(Beginning of EXERCISE DATA)
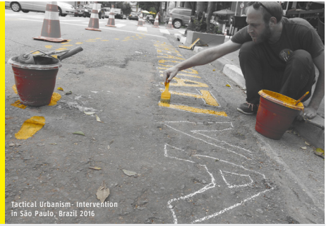
Tactical Urbanism - Intervention in São Paulo, Brazil 2016

I am looking for new challenges and have a creative and idealistic desire to transform cities on a global scale while designing in the local scale.
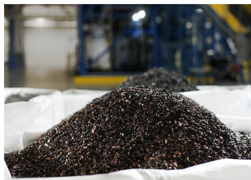
Black mass
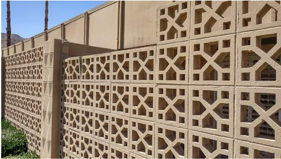
SOUTH ELEVATION VIEW OF MISSING BREEZE BLOCK
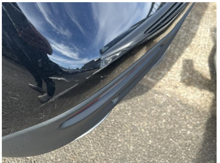
8: Bumper Rear Scratched Over 100mm Thru Paint
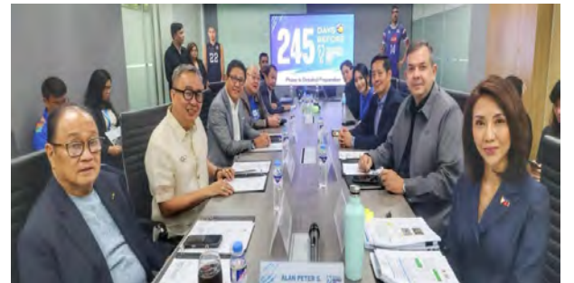
FIVB MEMBERS LOCAL ORGANIZING COMMITTEE
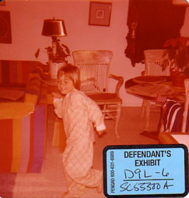
DEFENDANT'S EXHIBIT D9L-6 SC55500A PENGAD 800-631-6889
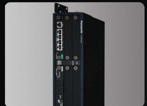
KX-NCP500X/V Wall Mount Bracket
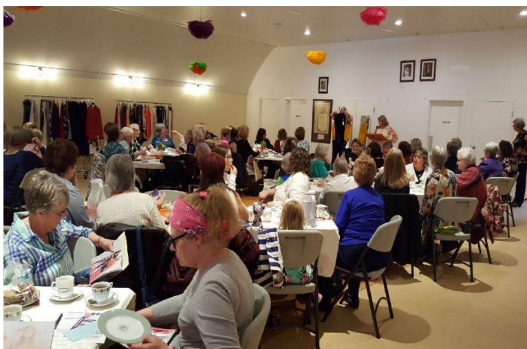
Spring Tea, Bake Sale, Fashion Show-Vermilion Bay Lions Hall

2019 New Members Induction- Vermilion Bay Lions Roar
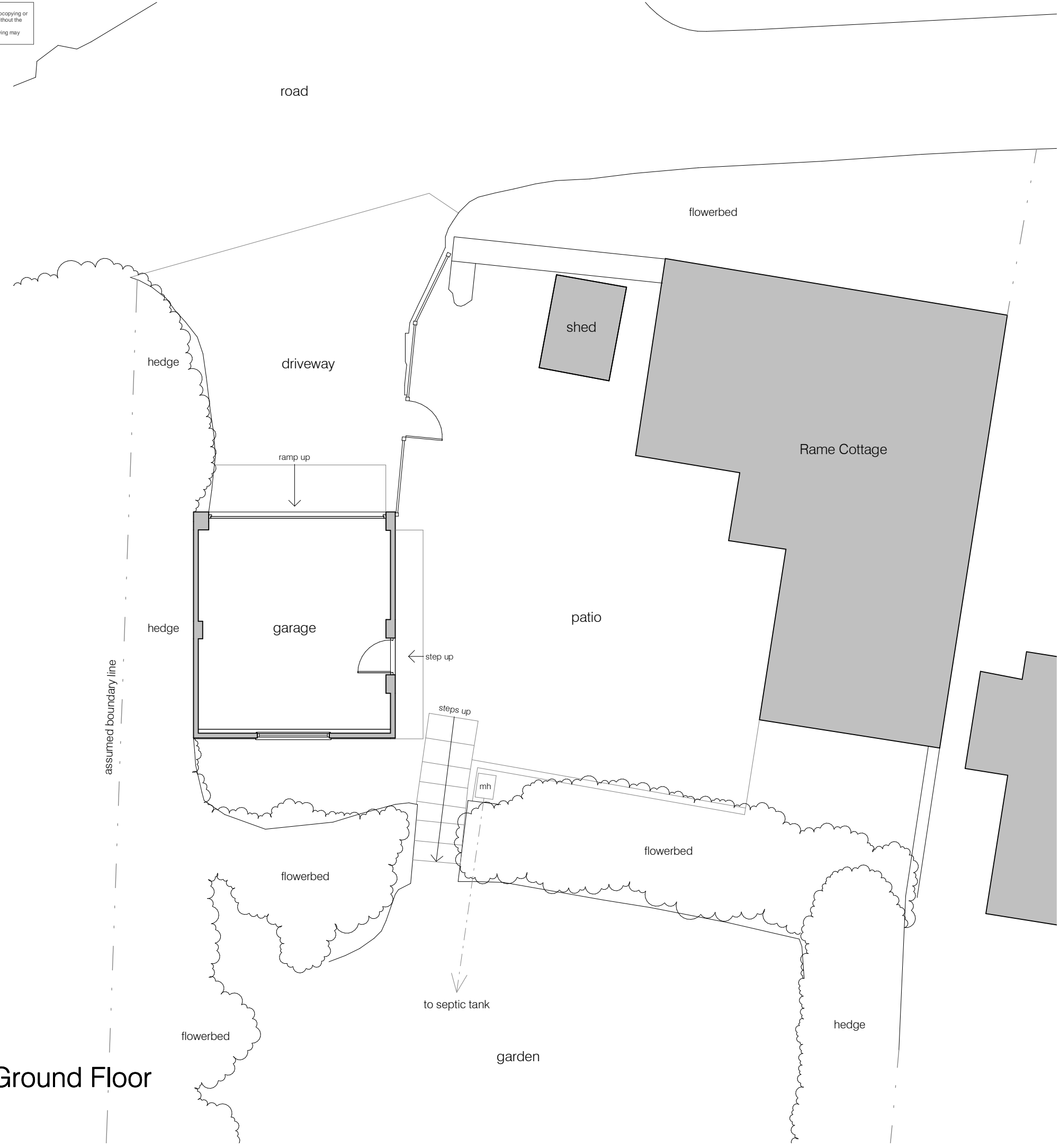
Existing Ground Floor 1 : 100
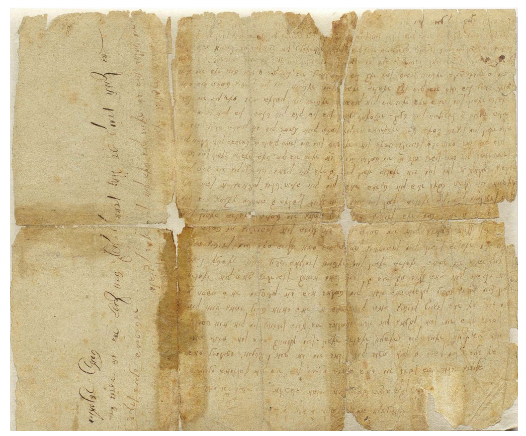
A Yiddish letter concerning matchmaking, 1874.

is shown by Fig. 1, the tradition of matchmaking ( shiddukh )<sup>15</sup> was also practised in the community (NA Muu).
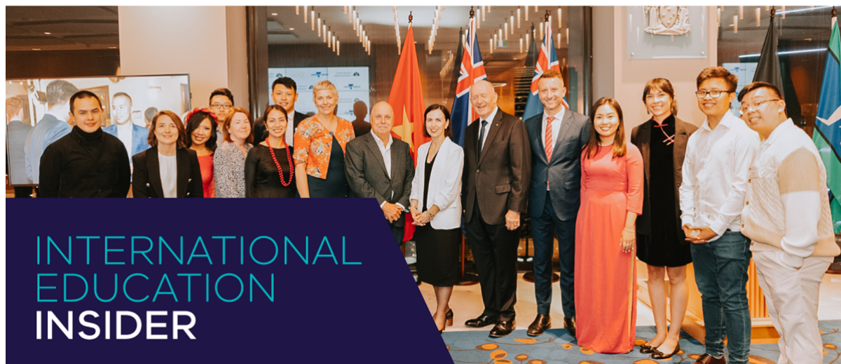
Caption: Strengthening Victoria-Vietnam people-to-people links at the Australia-Vietnam Leadership Dialogue Launch

Welcome to the April 2023 edition of the Study Melbourne International Education Insider.
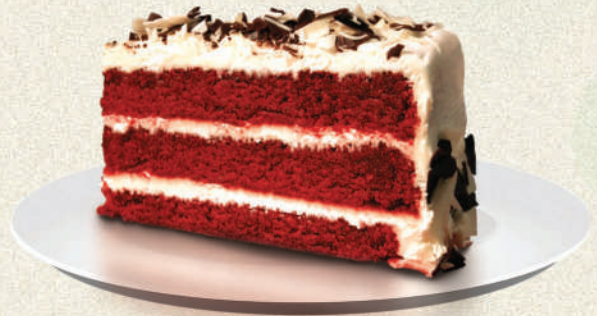
Red Velvet Cake

Layer upon layer of moist carrot cake studded with raisins, walnuts and pineapple. Finished with smooth cream cheese icing and a drizzle of white chocolate ganache. • 5.95
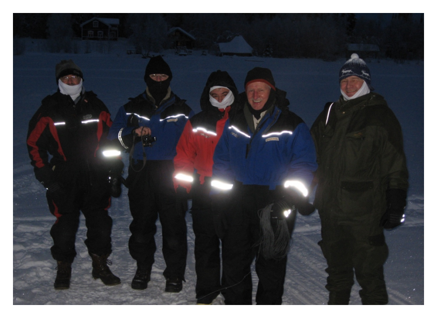
Fig. 1. First meeting of DAETE project, Jarisjervi, Finland.

The innovative strategies of DAETE consisted in addressing the different approaches in the European Union (EU) and USA about quality assurance of CEE allowing exchange of experiences and results of case studies. This tactic allowed a reciprocal understanding of the benefits of the methods that can be used by the engineering educational and training community in the EU and USA. The added value of the proposed transatlantic cooperation can be measured under two perspectives. The first perspective is related to sharing the experiences of the partners of the EU and USA concerning the quality assessment of education and training in CEE. In effect, the environments that framed the progress of this area have been different in these two regions. In Europe the research and development about quality evaluation of CEE has been based on joint projects supported by the EU funding. In the USA the quality assessment of CEE centres has been developed using market analysis indexes.
(End of EXERCISE DATA)
Begin at the line in the entries above that has "FIVB MEMBERS LOCAL ORGANIZING COMMITTEE", stop after the line that has "Fig. 1. First", and output exactly those lines without pictures.

— WRITTEN REPLY —
FIVB MEMBERS LOCAL ORGANIZING COMMITTEE
DEFENDANT'S EXHIBIT D9L-6 SC55500A PENGAD 800-631-6889
KX-NCP500X/V Wall Mount Bracket
Spring Tea, Bake Sale, Fashion Show-Vermilion Bay Lions Hall

2019 New Members Induction- Vermilion Bay Lions Roar
Existing Ground Floor 1 : 100
A Yiddish letter concerning matchmaking, 1874.

is shown by Fig. 1, the tradition of matchmaking ( shiddukh )<sup>15</sup> was also practised in the community (NA Muu).
Caption: Strengthening Victoria-Vietnam people-to-people links at the Australia-Vietnam Leadership Dialogue Launch

Welcome to the April 2023 edition of the Study Melbourne International Education Insider.
Red Velvet Cake

Layer upon layer of moist carrot cake studded with raisins, walnuts and pineapple. Finished with smooth cream cheese icing and a drizzle of white chocolate ganache. • 5.95
Fig. 1. First meeting of DAETE project, Jarisjervi, Finland.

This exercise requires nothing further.